# Fluval edge low tech help



## liam1712 (15 Jul 2014)

Need some ideas for my fluval edge looking background plants on the right hand side behind the wood any ideas? 

Low light and no c02 
Substrate is very fine black gravel

I'm thinking vallisneria? Would this be ok?


----------



## mr. luke (15 Jul 2014)

Crypts?


----------



## Tim Harrison (15 Jul 2014)

+2 for cryps, but you're gona need more than just sand to grow them in unless you plan on dosing fertz...even then I wouldn't recommend it. If you haven't already, why not take a peek at the tutorials section for further info.


----------



## liam1712 (15 Jul 2014)

Yeah ill have a look now cheers prob will dose fertz though


----------



## liam1712 (15 Jul 2014)

Has anyone got any vallisneria in there tanks and if so how are they doing?


----------



## Iain Sutherland (15 Jul 2014)

vals are monsters, most happily grow to 6ft so will take over your edge in no time.
Like the guys have said, have a read through the tutorials, it will help no end and set you on the right path


----------



## EnderUK (16 Jul 2014)

My only complaint about vallisneria is that they can easily take over the tank if you let them. They'll send runners out everywhere and you'll be ripping the new shoots out constantly. Crypts do this to but at a much slower rate. If you want a smaller version of vallisneria then go for Dwarf Sagittaria (Sagittaria subulata). It will grow like crazy sending out runners taking over the tank but the plants are much smaller in height.


----------



## Michael W (17 Jul 2014)

In my opinion tying some Anubias on that wood will be awesome when the roots grow downwards creating a curtain over it, I think I seen a similar effect created by Foxfish but I don't remember the thread.


----------



## liam1712 (19 Jul 2014)

Michael W said:


> In my opinion tying some Anubias on that wood will be awesome when the roots grow downwards creating a curtain over it, I think I seen a similar effect created by Foxfish but I don't remember the thread.
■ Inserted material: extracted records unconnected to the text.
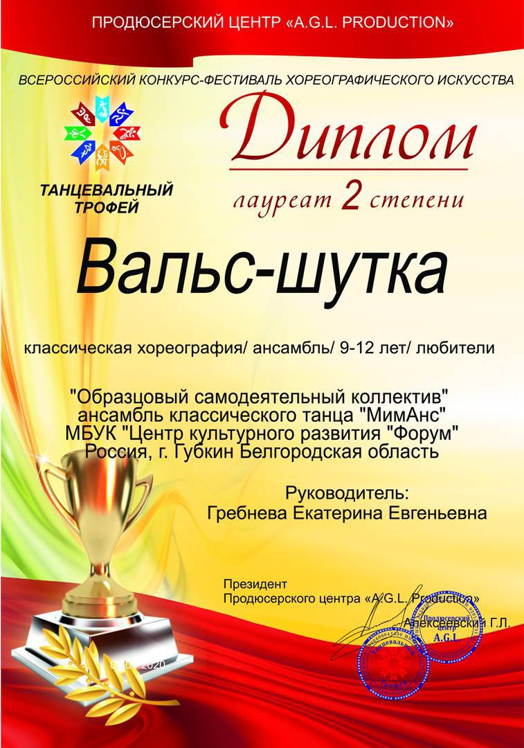 Ансамбль классического танца "МимАнс" Центра культурного развития "Форум" стал серебряным призером Всероссийского конкурса-фестиваля хореографического искусства "Танцевальный трофей".
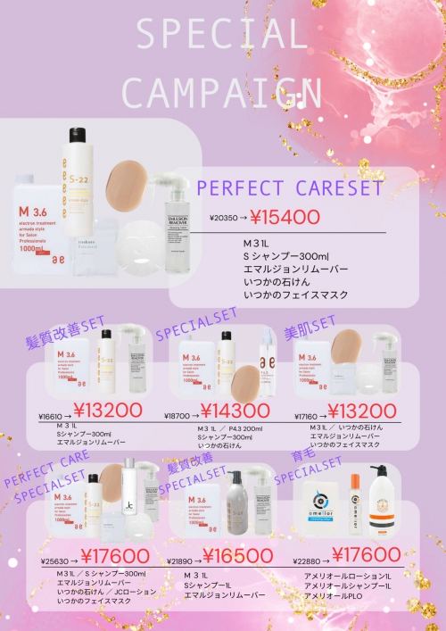 大人気のアルマダスタイルM3.6やSシャンプー・Aujua・アリミノ・グローバルミルボン・ドライヤーなどの器具類も
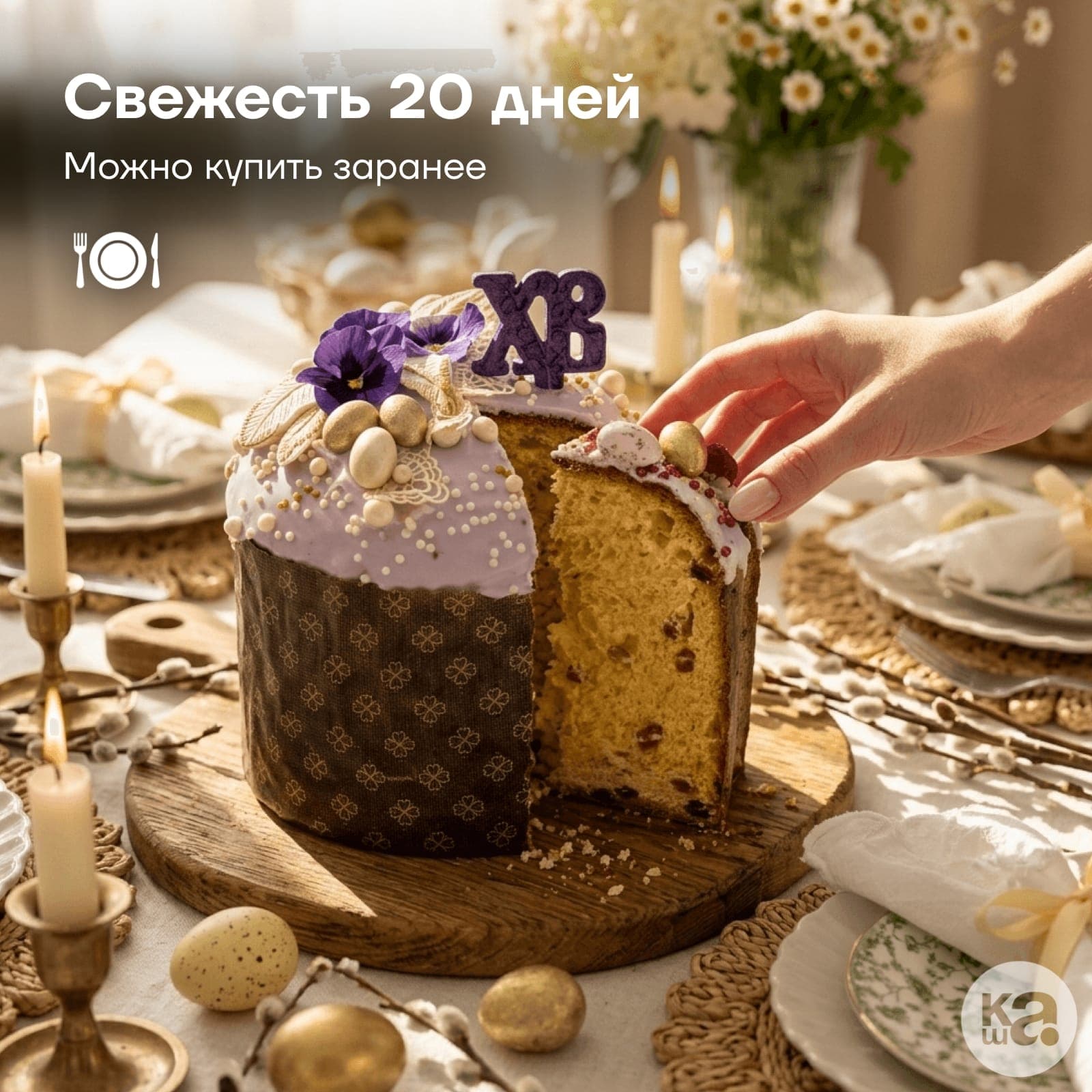 Дизайн поражает утонченностью: белоснежная помадка украшена тончайшим кондитерским кружевом и нежными сухоцветами виолы (анютиных глазок). Изящный леденец «ХВ» из изомальта и жемчужный миндаль в шоколаде превращают этот кулич в произведение кондитерского искусства.
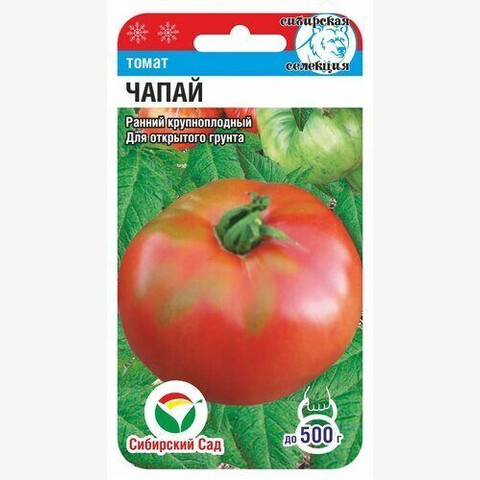 Ранний крупноплодный детерминантный сорт для открытого грунта и пленочных теплиц. Растение высотой 0,7- 1м в зависимости от условий выращивания. Плоды огненно-красные, плоско-округлой формы, мясистые, массой 300-500 г. Сорт отличается исключительной выровненностью плодов, на растении практически не встречается уродливых плодов. В сравнении с другими крупноплодными сортами, Чапай, одним из первых вступает в фазу созревания плодов. Плоды вкусные, сахаристые, хороши в свежем и переработанном виде. При высадке в грунт на 1кв. м размещают 3-4 растения.
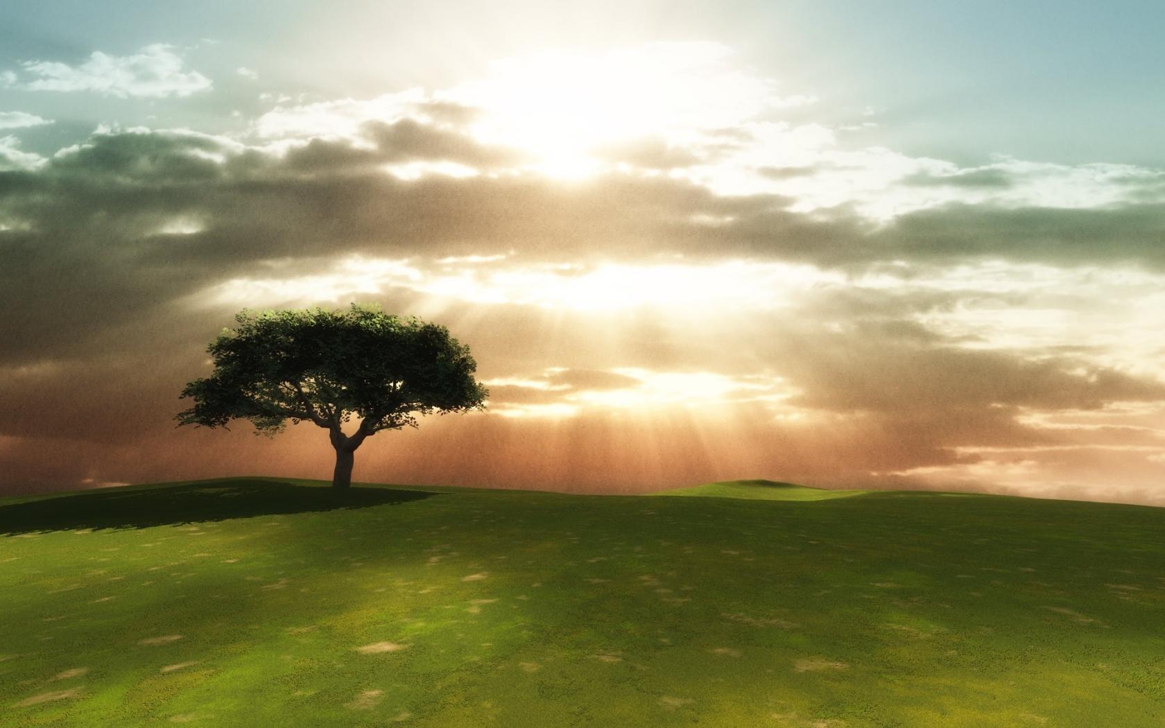 Поле, дерево, лучи света обои для рабочего стола, картинки, фото, 1680x1050. | ||||||||||||||||
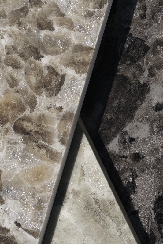 La collezione Selenite Maximum introduce l’esclusiva finitura Jewel che conferisce un effetto ancora più vivido e romantico alle superfici. Grazie a un’intesa alchemica tra un minerale iridescente e un materiale vetroso, la luce si scioglie in una colata cristallina che si lascia condurre tra i varchi della trama, per un effetto pietra lussureggiante nei suoi riflessi argentei.
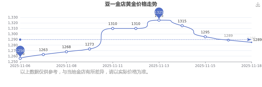1285.0元/克成为亚一金店今日 黄金价格的最新交易的价格。
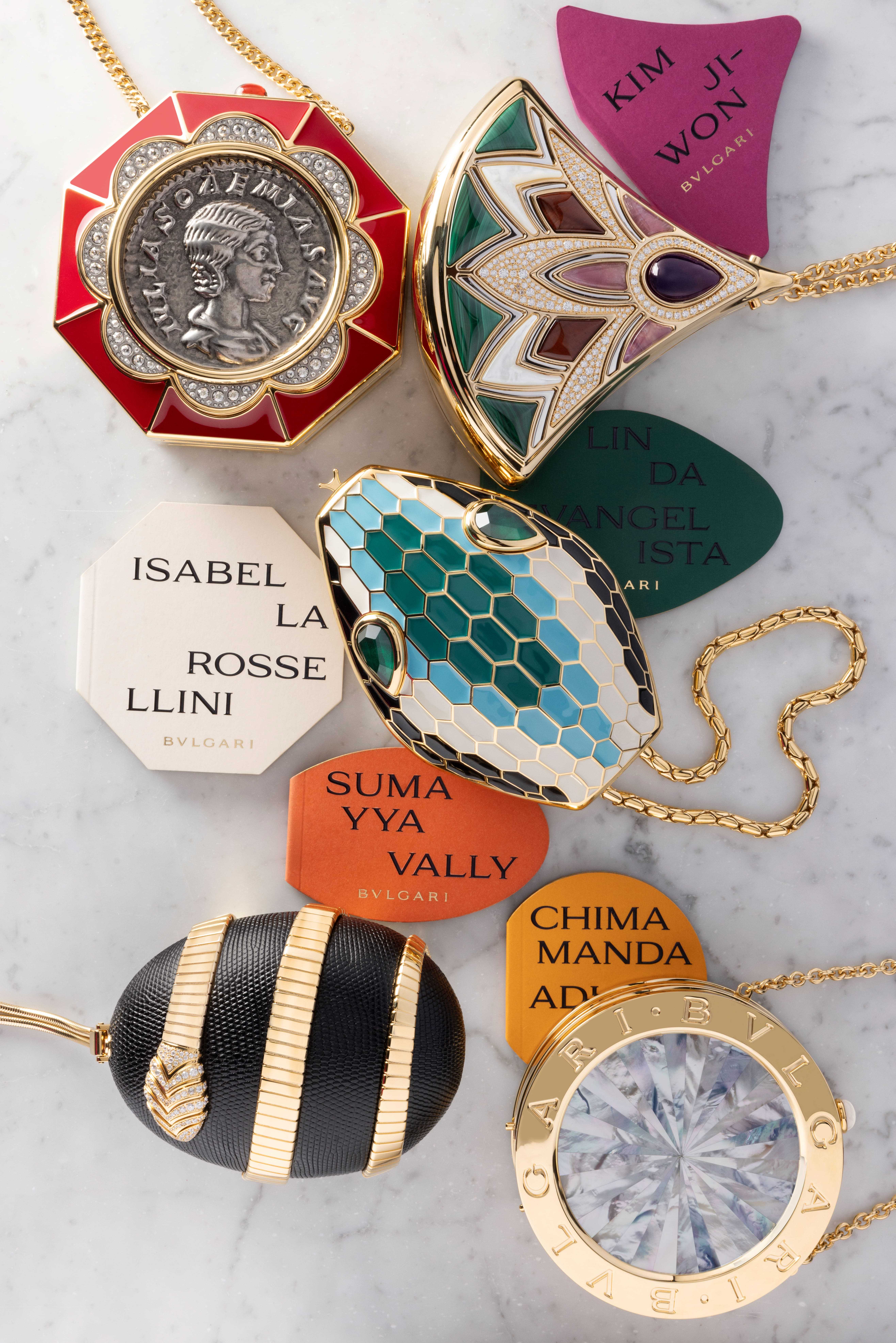 컬렉션은 하우스의 다섯 아이콘 모네떼Monete, 투보가스Tubogas, 디바스 드림Divas’ Dream, 불가리 불가리BVLGARI BVLGARI, 세르펜티Serpenti와의 대화를 통해 탄생했다. 이러한 상징은 표면의 장식으로만 쓰이지 않는다. 모티브를 덧붙이는 데 그치지 않고 구조를 다시 짠다. 금속 곡선이 손안에서 만들어내는 긴장, 잠금장치를 여닫을 때의 리듬, 자개와 스톤의 인레이가 빛을 받아 반응하는 깊이까지. 마치 우아하고 얌전한 외침 같다.
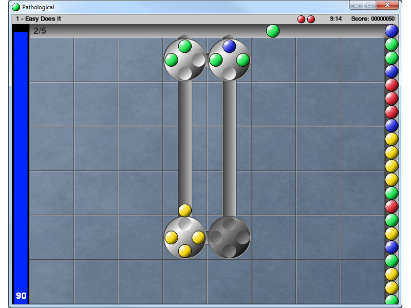 Pathological is an enriched clone of the game "Logical" by Rainbow Arts. To solve a level, fill each wheel with four marbles of matching color. Various board elements such as teleporters, switches, filters, etc., make the game interesting and challenging. New levels can be created using your favorite text editor.
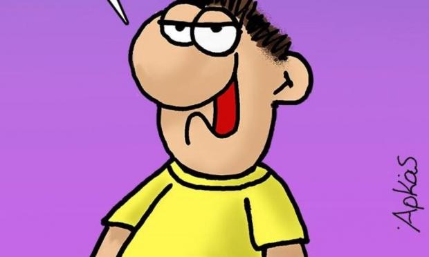 Σχολιάζοντας με αιχμηρό τρόπο τα γλωσσικά ατοπήματα και την auto-translate αγγλική του πρωθυπουργού, ο μικρός πρωταγωνιστής των σκίτσων: αναφωνεί: «Δεν είναι η μέρα μου σήμερα».

That sounds like a really good idea will have to give it ago and I think crypts will be a great idea for the background cheers guys


----------



## liam1712 (19 Jul 2014)

Does anyone know of anyone selling anubias nana and any crypts?


----------



## EnderUK (19 Jul 2014)

you'll get access to the trade section at 25 posts and you can ask there, however you might have to wait a while. If you want them quickly look at our sponsors, they sell a large selection of good quality plants and have a good service.


----------